## [Given data]
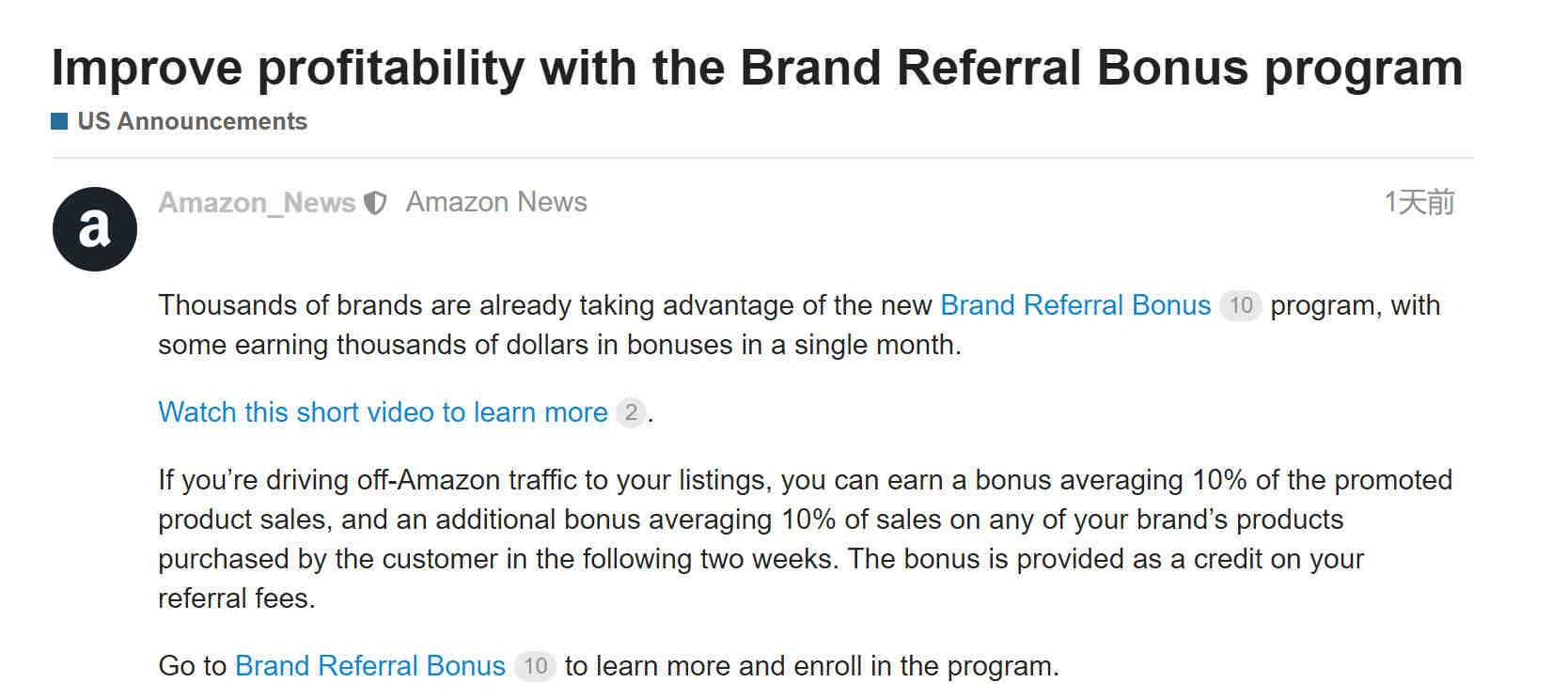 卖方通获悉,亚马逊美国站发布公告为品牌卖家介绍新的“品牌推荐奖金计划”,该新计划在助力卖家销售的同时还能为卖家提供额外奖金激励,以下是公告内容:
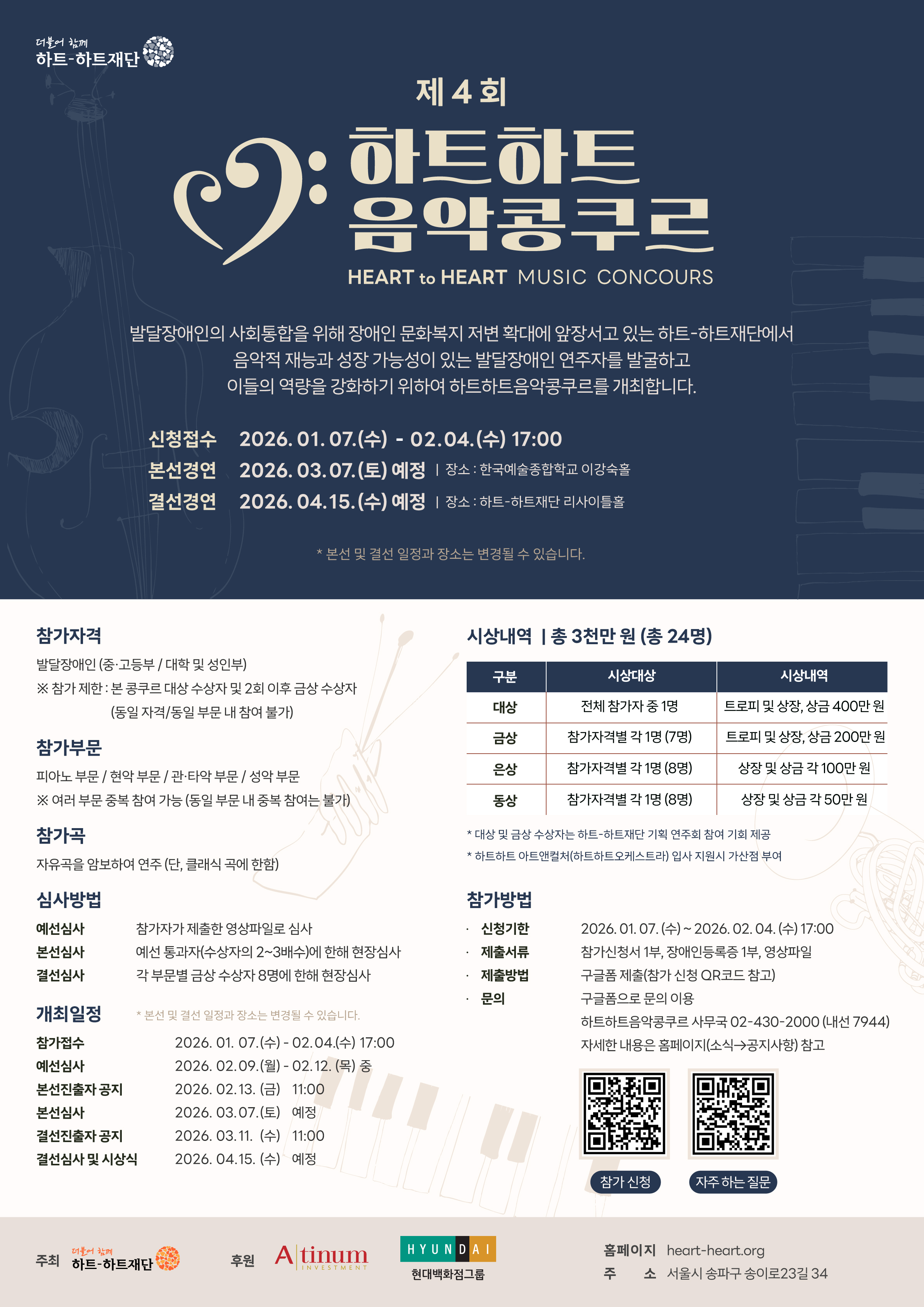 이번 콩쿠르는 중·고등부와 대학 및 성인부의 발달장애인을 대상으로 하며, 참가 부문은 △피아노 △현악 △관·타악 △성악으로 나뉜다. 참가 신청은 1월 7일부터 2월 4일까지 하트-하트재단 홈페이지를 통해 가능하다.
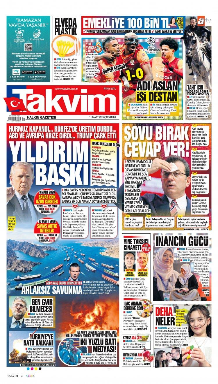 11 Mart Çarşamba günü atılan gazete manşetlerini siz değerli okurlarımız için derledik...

## [Exercise]
Please copy the data shown above precisely, leaving the images out.

## [Answer to this exercise]
 卖方通获悉,亚马逊美国站发布公告为品牌卖家介绍新的“品牌推荐奖金计划”,该新计划在助力卖家销售的同时还能为卖家提供额外奖金激励,以下是公告内容:
 이번 콩쿠르는 중·고등부와 대학 및 성인부의 발달장애인을 대상으로 하며, 참가 부문은 △피아노 △현악 △관·타악 △성악으로 나뉜다. 참가 신청은 1월 7일부터 2월 4일까지 하트-하트재단 홈페이지를 통해 가능하다.
 11 Mart Çarşamba günü atılan gazete manşetlerini siz değerli okurlarımız için derledik...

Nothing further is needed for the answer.